"FileNotFoundError: [Errno 2] No such file or directory" when loading custom split dataset from hub

Hi, I made a custom train/valid/test split dataset of the VCTK dataset after downsampling it to 16khz and taking only the first 44,455 files (the mic1 files) as follows:

from datasets import load_dataset

vctk = load_dataset("vctk")
mic1_vctk = vctk.filter(lambda e, i: i<44455, with_indices=True)

# downsample dataset sampling rate to 16khz
from datasets import Audio

mic1_vctk = mic1_vctk.cast_column("audio", Audio(sampling_rate=16_000))

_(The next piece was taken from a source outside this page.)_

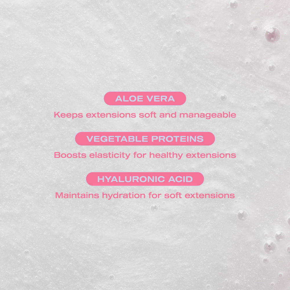 - Hyaluronic Acid deeply moisturises, locking in hydration to maintain softness and prevent dryness, leaving extensions looking fresh and vibrant.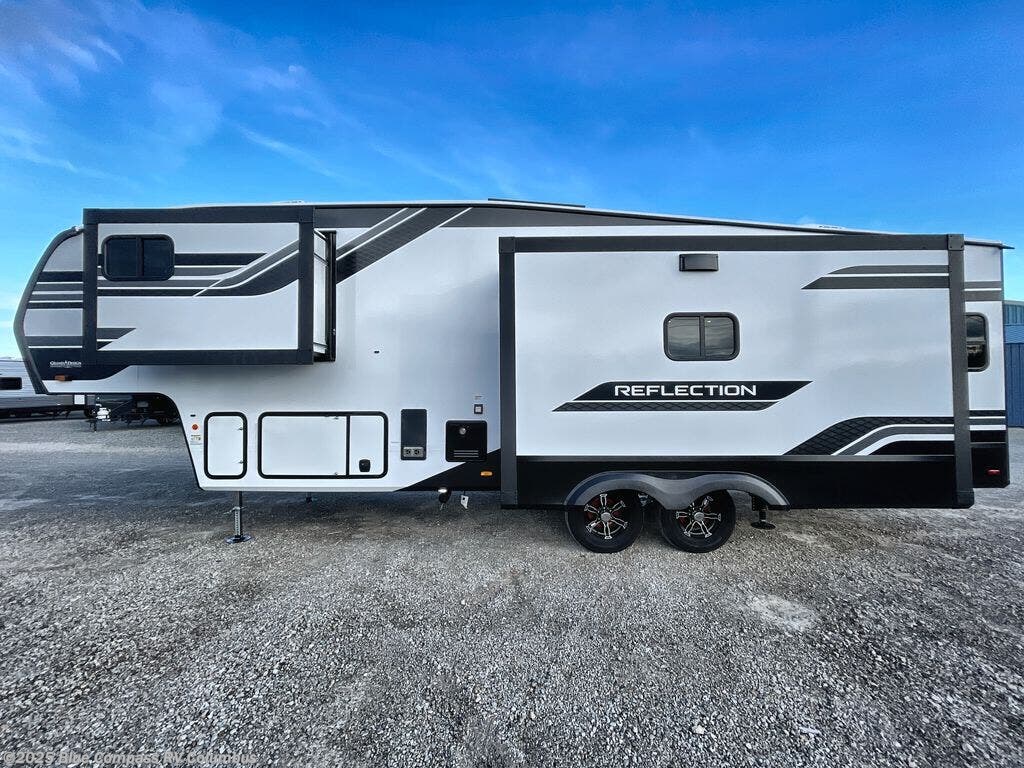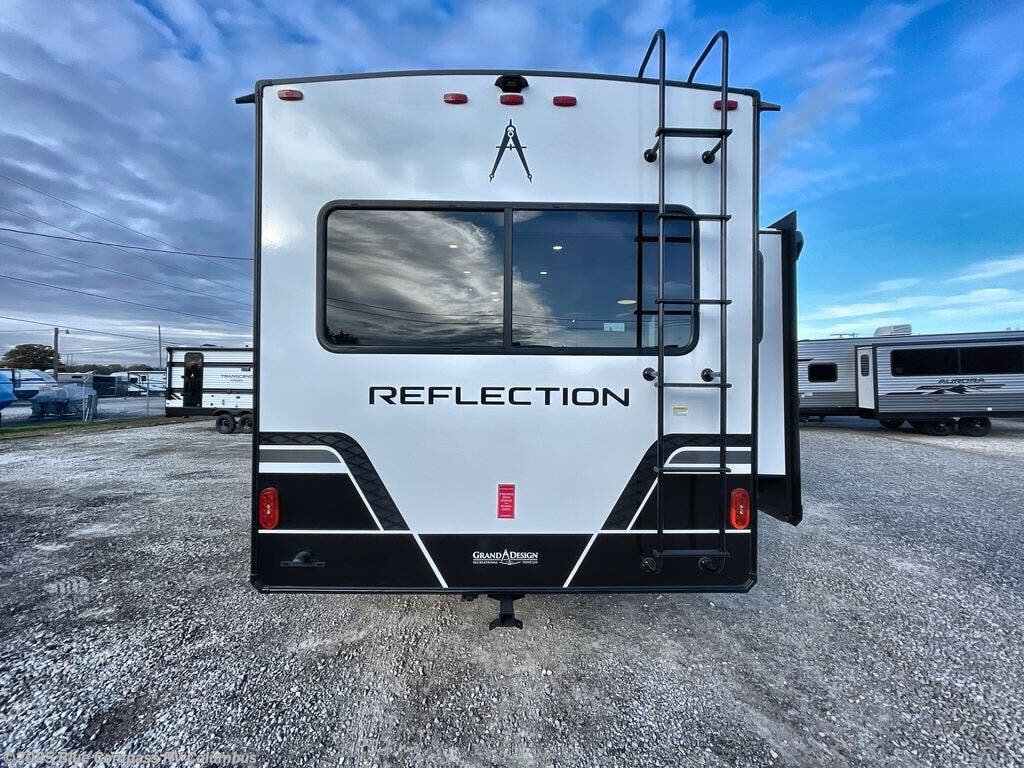 With any Reflection fifth wheel by Grand Design, you will have a solar panel for off-grid camping and a 60 amp charge controller and inverter prep, a Universal All-In-One docking station, unobstructed pass-through storage, and Goodyear Endurance tires. Each is constructed of gel coat exterior sidewalls, residential 5" truss rafters, walk-on roof decking, a fiberglass and radiant foil roof and front cap insulation plus laminated aluminum framed side walls, roof and end walls in slide rooms. Head inside to enjoy residential hardwood cabinet doors, premium Congoleum flooring, a spacious shower with a glass door, and many more comforts!

# split dataset into train/valid/test 80/10/10
from datasets import DatasetDict, dataset_dict

# first, 80% train, 20% test + valid
train_test_vctk = mic1_vctk["train"].train_test_split(shuffle = True, seed = 200, test_size=0.2)
# split 20% test + valid in half
test_valid_vctk = train_test_vctk['test'].train_test_split(shuffle = True, seed = 200, test_size=0.50)
# gather for single DatasetDict
train_test_val_dataset_vctk = DatasetDict({
    'train': train_test_vctk['train'],
    'test': test_valid_vctk['test'],
    'dev': test_valid_vctk['train']})

I then pushed train_test_val_dataset_vctk to a private dataset repo on the hub.

train_test_val_dataset_vctk.push_to_hub("REPO_NAME")

Three parquets corresponding to each split was uploaded to the hub, as well as a dataset_infos.json file. However, when I try to reload the dataset that was pushed to the hub I get a “FileNotFoundError: [Errno 2] No such file or directory” for the .flac files when trying to preview the dataset:

dataset = load_dataset("seraphina/REPO_NAME", use_auth_token=True)

dataset["train"][0]

FileNotFoundError: [Errno 2] No such file or directory: ‘/root/.cache/huggingface/datasets/downloads/extracted/11c6712f5ee425ed0d423d179eab7ae93e392fe0e12540a1aa9929325a31ac71/wav48_silence_trimmed/p247/p247_202_mic1.flac’

How can I split the original VCTK dataset and ensure that all files are saved to the hub for me to reload in the future?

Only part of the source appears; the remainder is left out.